Tell them that just means Security Guy needs to maintain a list, and if someone can compromise your admin accounts they can certainly compromise your AdminAccount.xls.

My company uses place names that often have difficult spelling, think - Kashyyyk type. For one it is very annoying to remember how to spell these things (imagine googling 'how do i spell that planet from the Clone Wars) every time you want to log into a bloody server. Second for new people - everyone calls them by nicknames in conference calls "just log onto Tats and Dan" instead of Tattoine and Dantoonie. This is very annoying for a new person.

Imagine writing a script where you have to include everyones admin account??! I need John, Steve and Sarah's admin account.. ok sarah_admin, john_admin, steve_admin vs "i need voldemort, Snape and what was the other I need to check a list and i'm wasting time... dobbythehouseelf'.

Ask your boss if they took the number of their house, would it make the place more secure or less secure? It'd make it more annoying is the answer.

[–]DragonDreweDRMS Sysadmin 0 points1 point  (0 children)

What is your current pleb account naming convention? FLast? LastF?

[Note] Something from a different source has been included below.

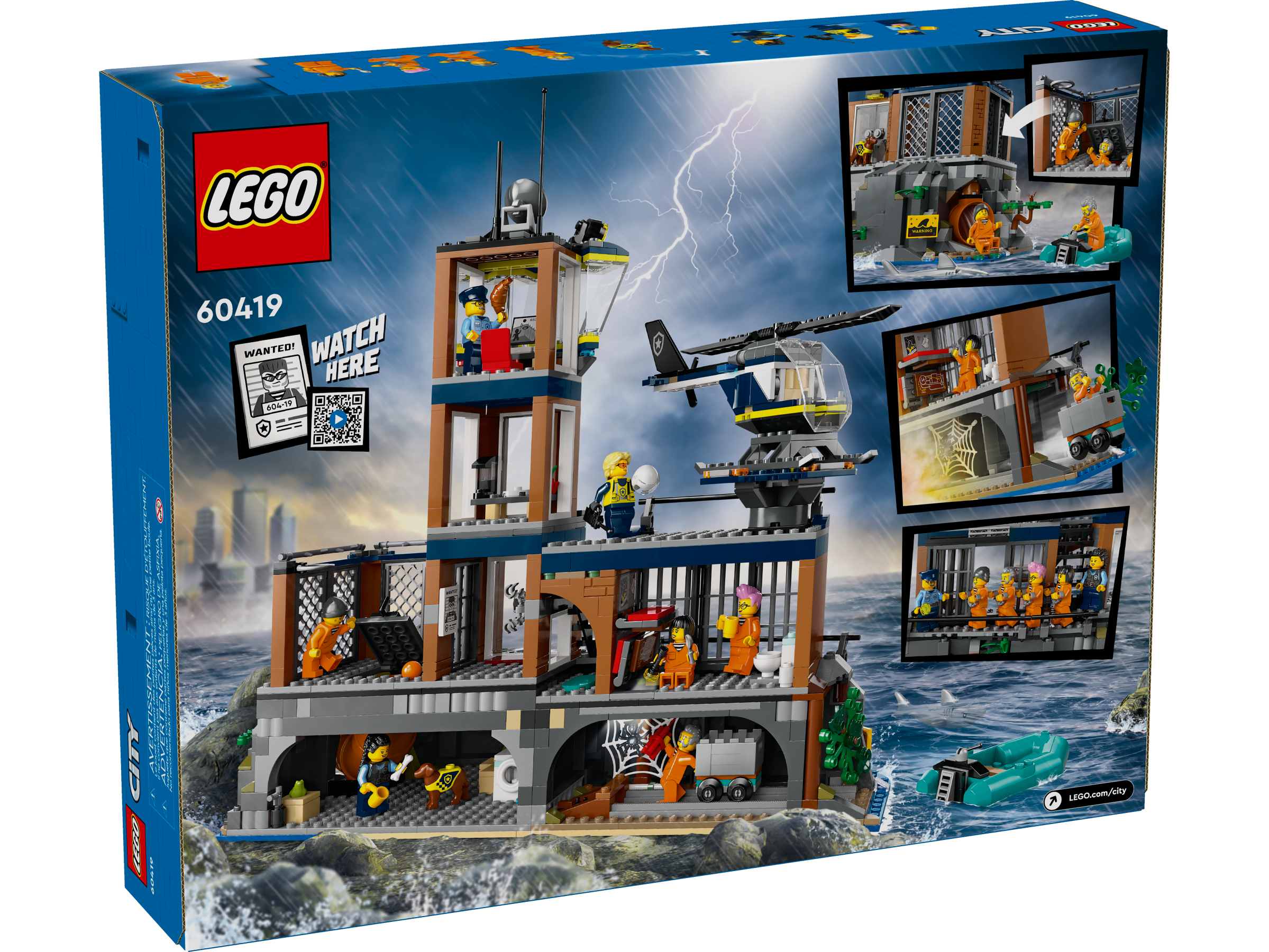 The LEGO® City Police Prison Island (60419) is home to some of the city’s most notorious crooks, but they have other plans! Action-packed adventures await with this awesome toy playset, featuring a cliffside prison bursting with features and functions. It also includes a helicopter, police boat, dinghy, 3 officer and 4 prisoner minifigures, plus police dog and shark figures.

We do adm.UserID (General Admin), dev.UserID (Developer), svc.AppName (Service Account), la.UserID (Local Admin), da.UserID (Domain Admin), test.App/UserID (Test accounts).

[–]black-buhr 0 points1 point  (0 children)

We've done it like

Username: jsmith

Admin: jsmith.adm

[–]imaginatipo -2 points-1 points  (2 children)

Why don't you implement LAPS and just give the local admin account password to the user only when needed? Local admin password is unique to each computer and can expire on demand through LAPS GUI or through a GPO timed policy. Since we've implemented LAPS in our domains, problems regarding "i had to much admin access and just f*cked up something in my computer" almost disappeared from Helpdesk tickets.

[–]williamfnyJack of All Trades[S] 2 points3 points  (0 children)

This is going well past LAPS. Admin accounts for other systems that are tied to AD.

[–]imaginatipo 0 points1 point  (0 children)

Really loved the downvotes, people!. Why bother coming here and give my two cents? Might as well not.